Don’t let ANYONE tell you that boys are easy. I have a 17 yr old that thinks he’s an adult, and is making reasonable, rational, adult choices. I have a 14 year old that is sweet and easy going until I say he can’t go to his girlfriend’s brother’s house to watch a movie with the girlfriend, the girlfriend’s brother, the girlfriend’s brother’s girlfriend, and the girlfriend’s brother’s girlfriend’s 2 yr old baby. (deep breath, didja get all that??)
He thinks just because he can’t go swimming with his buddies (ahem, the girlfriend will also be at the pool….peculiar, don’t you think???), that he should just be able to go with the girlfriend. He doesn’t understand ‘no’ where she’s concerned. He makes compromises, and deals not to be a brat during subsequent ‘no’ battles, but never follows through. Here are just 2 of the texts I’ve received—they are verbatim, so I take no responsibility for spelling, grammar, or content:
“I haven’t done anything in two days and im askin to do something on a rainy day…please?”
“Why do u even care! I am goin to be home alone all day…doing nothing…let me do something!”
He’s calling me every 5 minutes or so. I’m ignoring him. He doesn’t play nice.
Mr. Perfectly planted a flower garden yesterday. It’s so pretty. We have large flower boxes surrounding our house, but over the years, they’ve deteriorated and look TERRIBLE, and the Perfectly Budget doesn’t allow for major fix ups right now, so hopefully the pretty flowers will DETRACT some from the rotting wood and railroad ties that aspire to be flower boxes.
He also planted me some herbs and 2 sweet bell pepper plants in with my flowers. He planted jalapeno, habanero and another red chile at the OTHER end of the flower/herb/pepper garden for HIM. We’ve heard that if the plants cross pollinate, that my sweet bells could be SPICY…..
I got my eyelashes tinted and eyebrows waxed again this weekend. My girl, Kayla, wasn’t available, so they put me with Liz. While the tint was processing, instead of leaving me, Liz gave me a SCALP MASSAGE. Now, I’m freaky about massages. I get very tense and uncomfortable when getting them, but this….??? This was different. I found my hands tensing somewhat, but the sensation of the massage was too awesome to fret about. I had such a HORRIBLE headache on Friday, and it lingered on Saturday, and the massage on the scalp was like balm to a wound…….I want to go back just for the massage! She didn’t do as well as Kayla does on the lashes…but they are ok…..I’ll take it if I get the scalp massage each time!

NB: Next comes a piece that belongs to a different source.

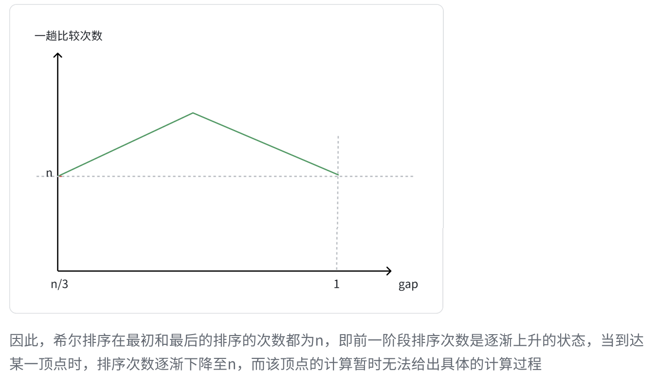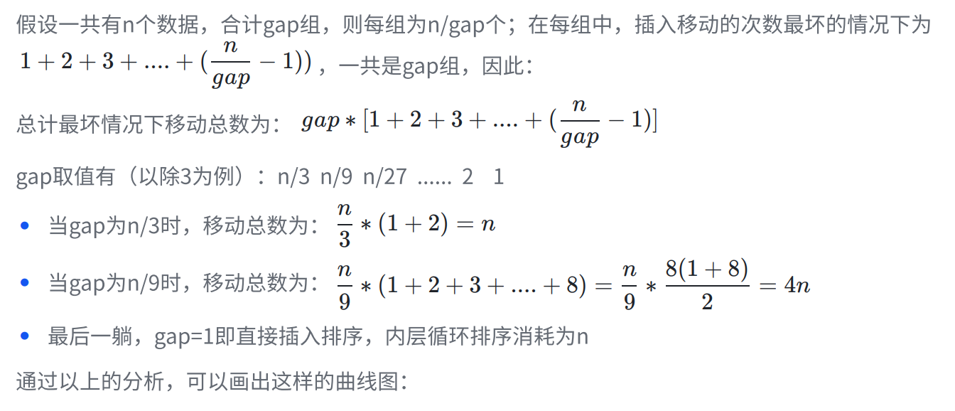 希尔排序时间复杂度不好计算,因为 gap 的取值很多,导致很难去计算,因此很多书中给出的希尔排序的时间复杂度都不固定。《数据结构(C语言版)》--- 严蔚敏书中给出的时间复杂度为:

Oh wait, here’s another text from the angst ridden 14 yr. old:
“CALL ME BACK WHEN UR WORK ISNT MORE IMPORTANT THAN UR DISSAPPOINMENT SON!”
*SIGH** argumentative with poor grammar! What else could a mother ask for?
I’m sitting here eating Funyuns (I’ve been on a kick recently) and drinking V8 juice. I’m hoping the good of the V8 will some how counteract the bad of the funyuns. I’m guessing this is just fantasy on my part.
The tattoo situation isn’t resolved. I realized with HORRIFYING clarity that son #1 doesn’t want the cross w/ Angel wings that David Beckham has on his neck…he wants the huge, gaudy ANGEL that DB has sprawled all over his BACK……..YIKES!! It’s really too much….and too ornate to be able to be scaled down in size (which is what he’s banking on, I bet)………OY….I am at a loss for words. What happened to “MOM” in a heart on his upper arm or something? I ‘heart’ mom? Or his initials or SOMETHING not quite so big, and fancy, and angel-like? Or, like Mr. Perfectly quips….he could get the words “your name” tattooed on his butt so sometime when he’s out in a drunken brawl (yes, I’m sure it’ll happen), that he can yell to his opponent “I HAVE YOUR NAME TATTOOED ON MY ASS”, then he’ll be able to prove it…….hahahahaha.
That is typical Mr. Perfectly humor.
I really don’t have much to say—it was a quiet weekend, filled with too much eating, fretting over weather that didn’t happen, and drama filled teens.
I’m so glad to be at work!!
Happy Monday—I’m off to make a dent in the papers on my desk and wield a huge parental sword!!